7.3 The means found to close the legal loophole in Rule 85a EPC in the case considered here (cf. point 6.3 above) may therefore be inferred in general for both exceptions as follows:
In cases where the time limits for subsequent payment of designation fees under paragraphs 1 and 2 of Rule 85a EPC as amended on 8 December 1988 expire at different times, all designation fees can still validly be paid up to the later date.
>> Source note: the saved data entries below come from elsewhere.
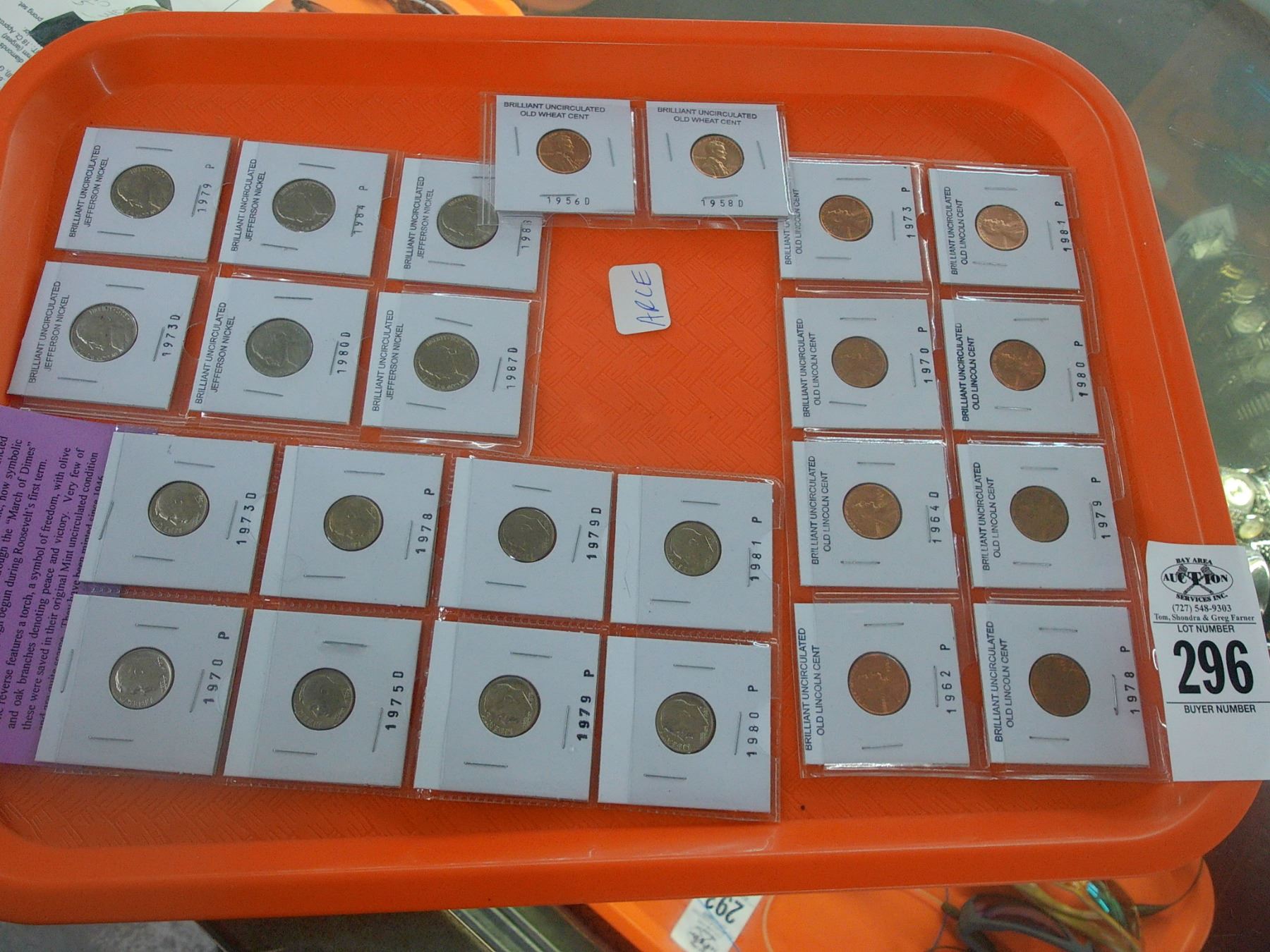 Wheat/Lincoln Cents 10, Jefferson Nickels 6, Roosevelt Dimes - 8
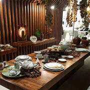 Vista Alegre partnered with Ecoarts Amazônia to create a collection about the Brazilian rainforest, so that the world can see the Amazon through the eyes of those who know it better. The overall collection combines production from three companies: Vista Alegre for porcelain and glass, Bordallo Pinheiro for Faience ceramics, and Casa Alegre for stoneware.
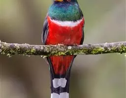橙胸咬鹃:全长约28厘米。雄鸟头、颈橄榄绿色,上体及中央尾羽栗色;中央尾羽具黑色端,…
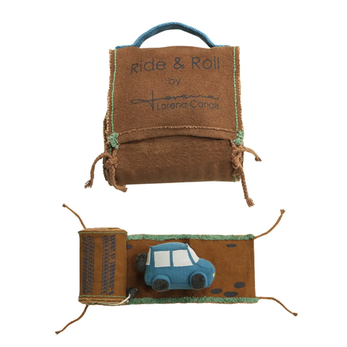 - C’est le moment de s’amuser, vroom-vroom ! Avec l’ensemble de jeu Ride & Roll, les enfants s’amuseront à dérouler un long chemin en toile autour de la maison et à le parcourir avec le bus en peluche qui complète le set—une toile en coton de 4 mètres de long pour laisser libre cours à leur imagination !
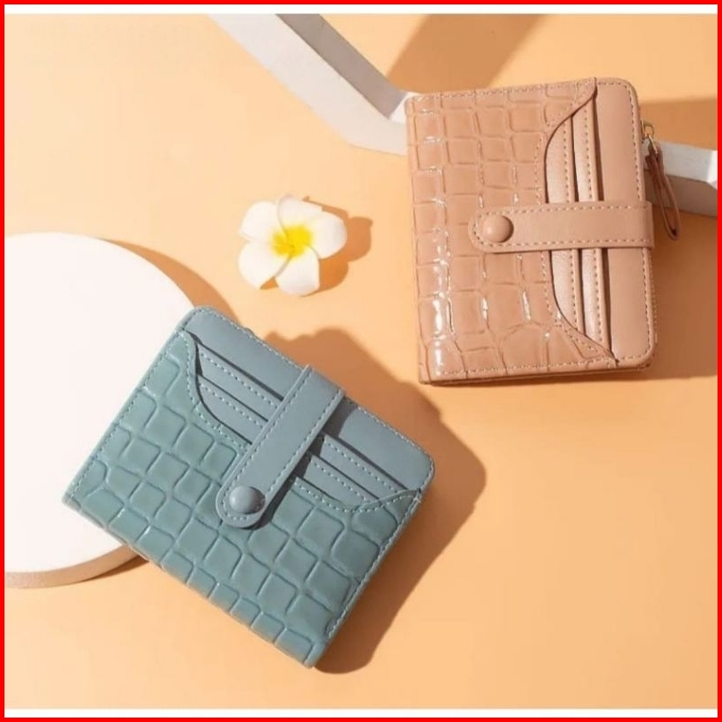 Dompet Lipat Wanita Silvania Croco Leather Glossy Slot Kartu Dan Slot Koin
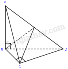 +) Tam giác ABD vuông tại B có BI là đường trung tuyến ứng với cạnh huyền AD nên: \[IA = IB = ID = \frac{{AD}}{2}\left( 2 \right)\]
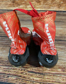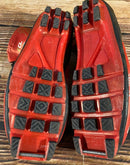 Boots are the most obviously distinctive family of Nordic ski boots. They have a 75mm wide "duck bill" at the front of the boot, with three holes on the bottom of the bill that line up with the pins on their appropriate binding.
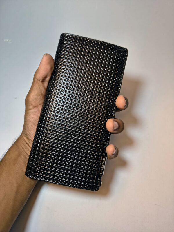 Elevate your style with this sleek and sophisticated long wallet crafted from premium quality leather. The wallet features a unique diamond-textured pattern that adds a modern touch while ensuring durability. Its slim, elongated design makes it perfect for organizing cash, cards, and essentials without bulk.
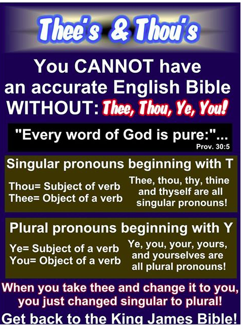 However the continued use of words like "thee, thy, thine and thou" to refer to one person and "you, your and ye" to refer to many people is far more accurate to the underlying Hebrew and Greek that is the generic "you". This important distinction is ALWAYS maintained and never mixed in the written text of the King James Holy Bible.
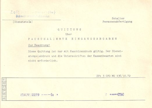 Die Zöllner schätzten den kleinen Teppich meines Freundes auf 100 DM, Zoll 10 DM; Schnaps aus Österreichl; Tee aus Nepal, weil wir den nicht angegeben hatten, also doppelter Zoll. :headbang:
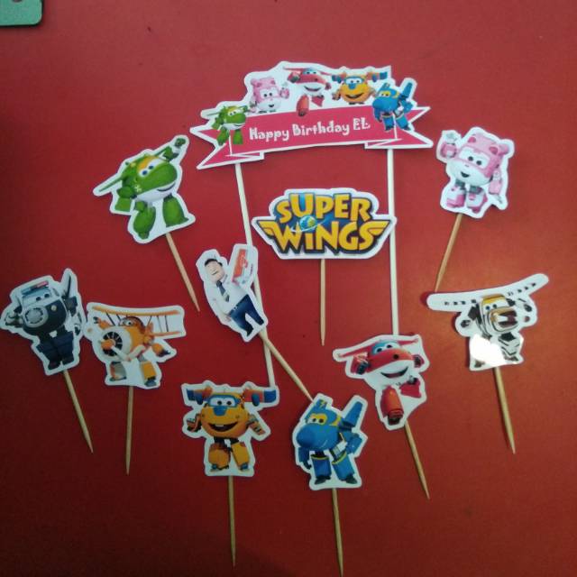 topper hiasan kue super wings pesawat
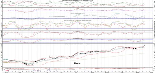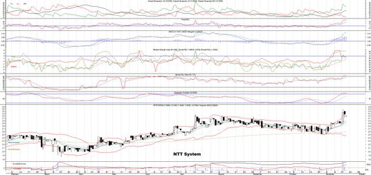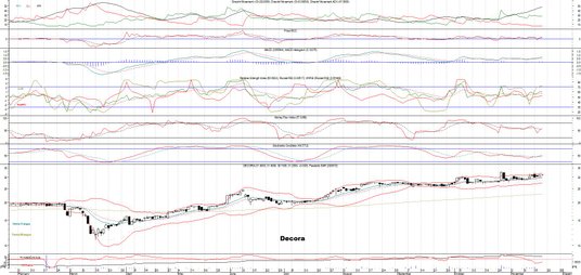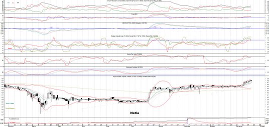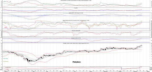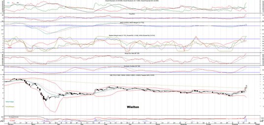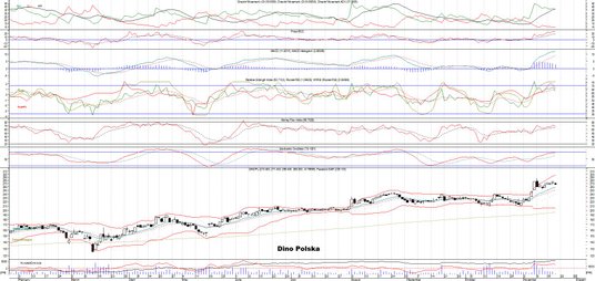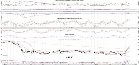 W tym przypadku też gramy pod wybicie górą z bazy. MACD zakręcił w górę nad linią 0, co zawsze odbieram jako pokaz siły danego waloru. Wskaźnik ruchu kierunkowego potwierdza kierunek i siłę trendu . Stochasti i RSI doszły już do poziomów wykupienia, ale mają jeszcze przestrzeń do zwyżek. Trochę gorzej interpretuje się tutaj wskaźnik Akumulacja/Dystrybucja, bowiem w międzyczasie pojawiły się dwa duże słupki wolumenowe, które trochę zaburzają odczyt. Niemniej ostatnio wolumen znów wzrósł potwierdzając falę zwyżek, podobnie zresztą jak średnia 13-sesyjna, która zakręciła w górę. Cena trzyma się teraz górnej wstęgi Bollingera, więc można powiedzieć, że to taka "klasyka westernu AT".
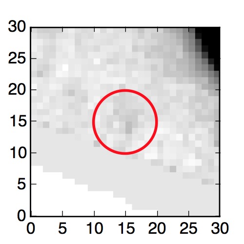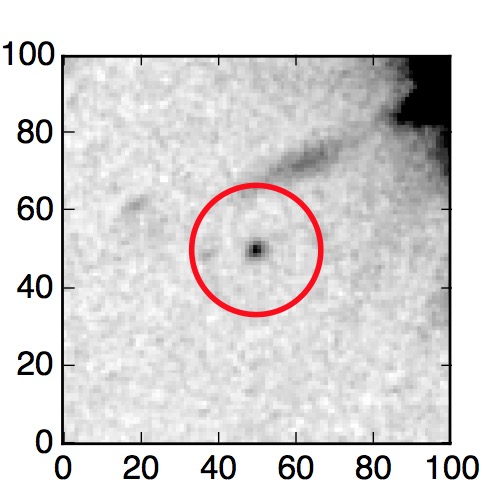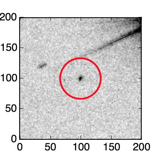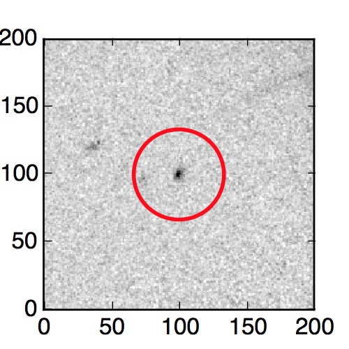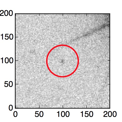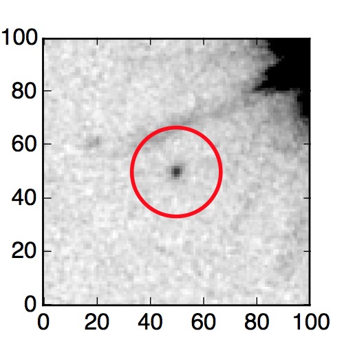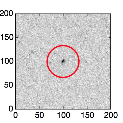 The red circle in the various panels is 1" in radius. The images are 6"x6".
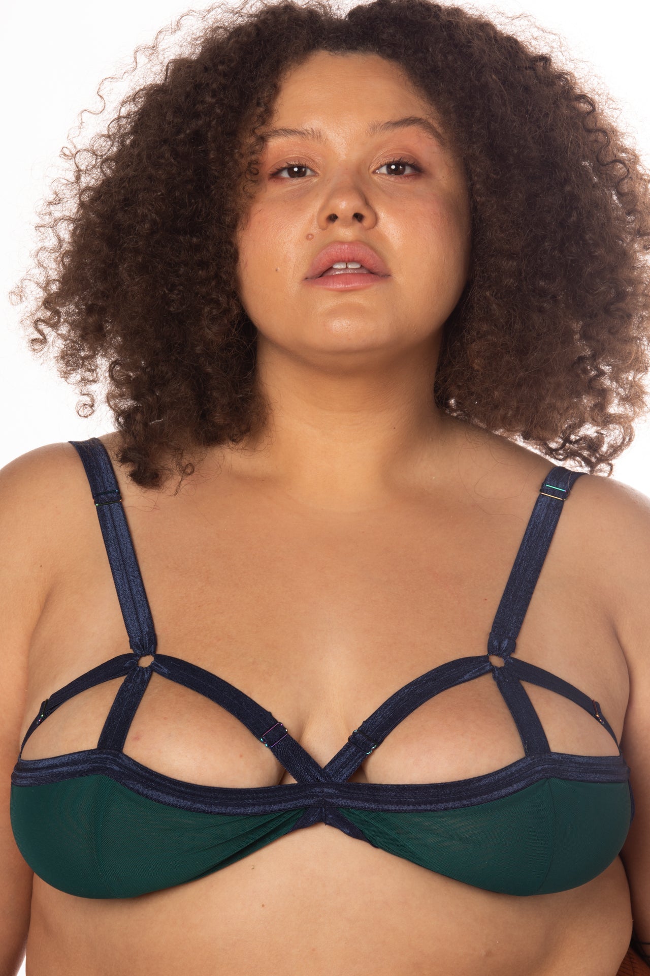 Experience flirty comfort with this Mesh v-strap bralette. Its gentle, stretch mesh fabric cups offer natural support while the adjustable v-straps provide a perfect fit. You’ll never want to take it off!
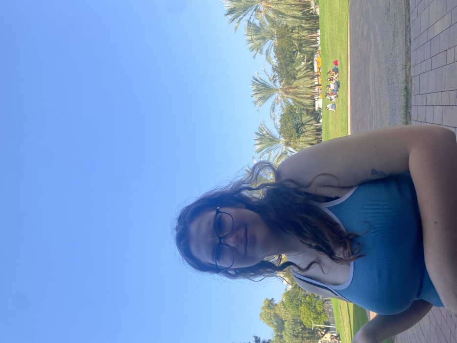 The image portrays an outdoor scene under a clear blue sky, consistent with the Tel Aviv University campus in Tel Aviv, Israel. In the foreground, positioned left of center, a female individual with long, wavy brown hair, black-rimmed glasses, and a light blue ribbed tank top with white trim is visible. She exhibits a neutral expression with a slight smile, looking towards the camera. A small tattoo is present on her upper left arm. She is situated on a paved surface composed of reddish-brown and gray interlocking pavers. In the midground, to the right, a group of approximately 6-8 individuals are casually seated on a large, vibrant green grassy slope, appearing to be interacting. Behind this group and across the midground, a prominent line of tall palm trees is visible, with additional green trees and building structures partially discernible in the far left background. A dark gray pathway or road separates the foreground paved area from the grassy expanse.
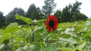 🔸トンネルを拔け北側の「花見茶屋エリア」。ルドベキアとヒマワリの共演、、、というより、矮性のヒマワリは黄色や赤っぽいチェリーブランディーのルドベキアの勢いに影が薄い感じ。^^;
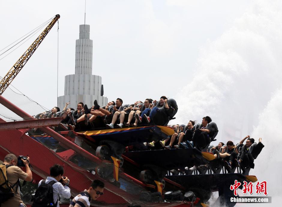 6月13日,来自上海11所高校近百名毕业生,身着学士服,集体乘上海欢乐谷“绝顶雄风”过山车,以不同寻常的惊险刺激,来纪念活力十足的青春,感受创意毕业礼。中新社记者 潘索菲 摄
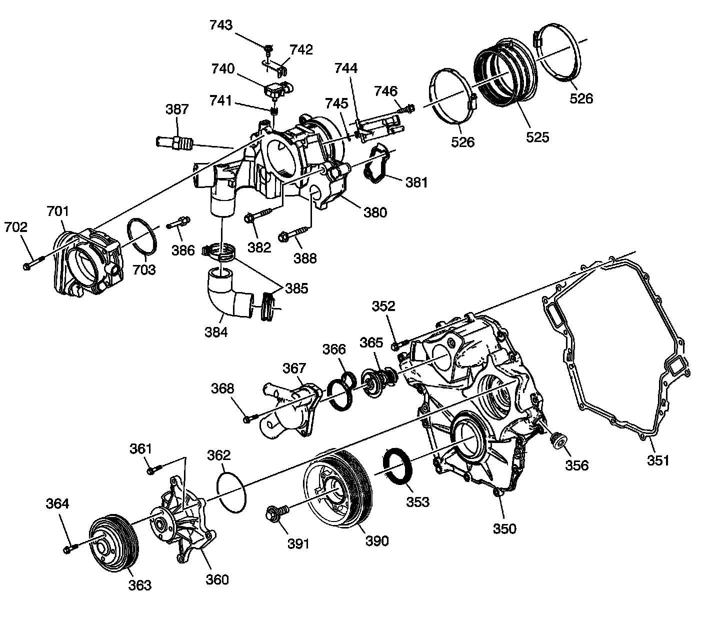 Engine Front Cover, Water Crossover and Throttle Body Assembly
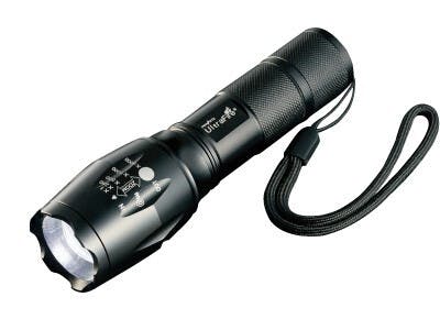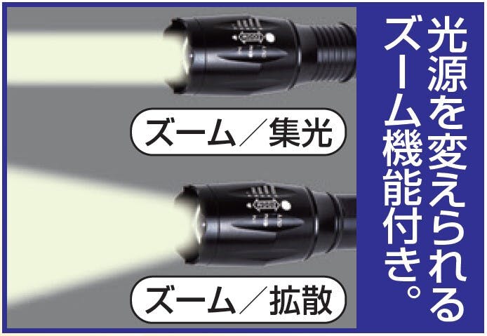 驚きのパワー!遠くまで照らすLEDライト。 ●色/ブラック ●LEDは世界最高クラスのCREE社製「T6」採用。世界の軍隊・警察機関で使用される強力ライト。 ●約300m強力照射! ●非常時大活躍! ●5種類の点灯パターン:強・中・弱・点滅・SOS ●光源を変えられるズーム機能付き。ズーム/集光・ズーム/拡散 ●防滴仕様 ※強力な光のため、光源を直接見ないでください。
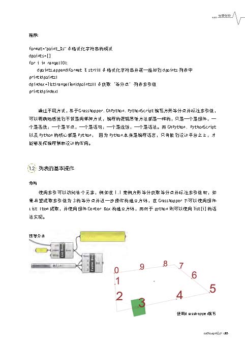 《學(xué)習PYTHON—做個有編程能力的設(shè)計師》不是純粹的Python編程學(xué)習,而是在學(xué)習基本Python編程語言時闡述輔助設(shè)計的方法,從Python Shell到RH_Python再到GH_Python,將Python真正作為設(shè)計者從事設(shè)計輔助的編程語言;同時這又不是純粹幾何形式編程的說明,而是包括Python編程數(shù)據(jù)結(jié)構(gòu)、基本語句、函數(shù)與類的學(xué)習過程。
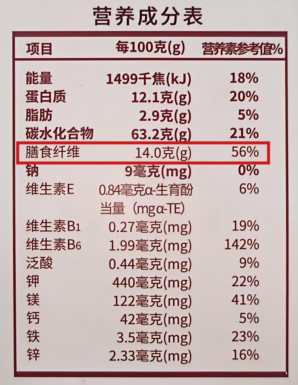 高膳食纤维52%nrv,含有维生素B族与矿物质镁、铁、锌、硒。
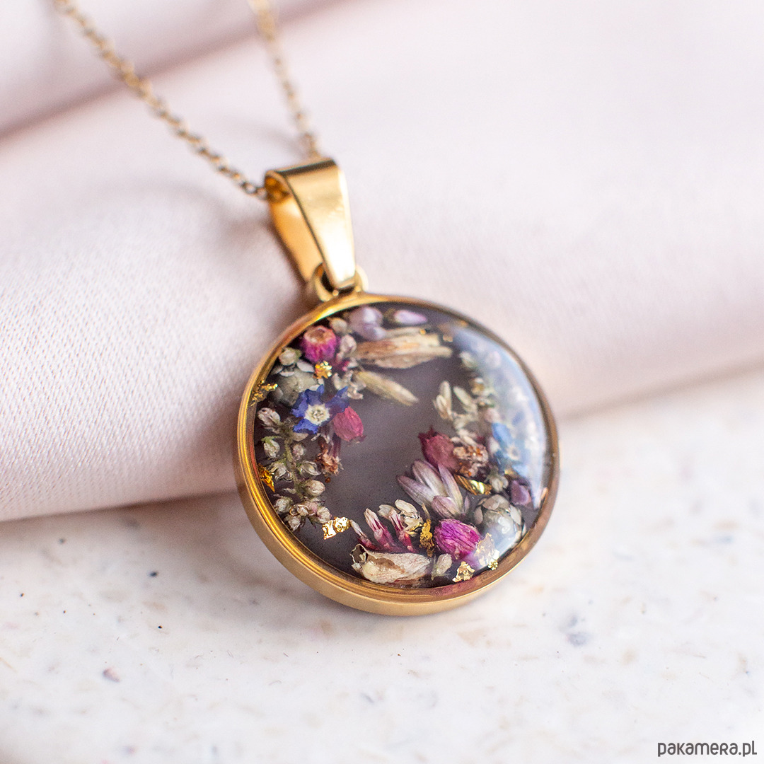 Wisiorek wykonany jest z żywicy epoksydowej z wykorzystaniem suszonych kwiatów. Metalowe elementy to stal nierdzewna szlachetna chirurgiczna.

8. The designation fees plus surcharges for Italy, Denmark and the United Kingdom have therefore been validly paid. Thus, designations not listed in the published European patent application come into effect - retroactively. A correction to that effect must therefore be published in the European Patent Bulletin. With regard to the protection of third parties, reference is made to decision J 12/80 (OJ EPO 1981, 143).
ORDER
For these reasons it is decided that:
1. The contested decision is set aside.
2. It is ruled that the following Contracting States to the European Patent Convention are validly designated in European patent application No. 90 201 567.6 (publication No. 0 404 241): Belgium, Germany, Denmark, France, Italy, Netherlands, Spain, United Kingdom (BE DE DK FR IT NL ES GB).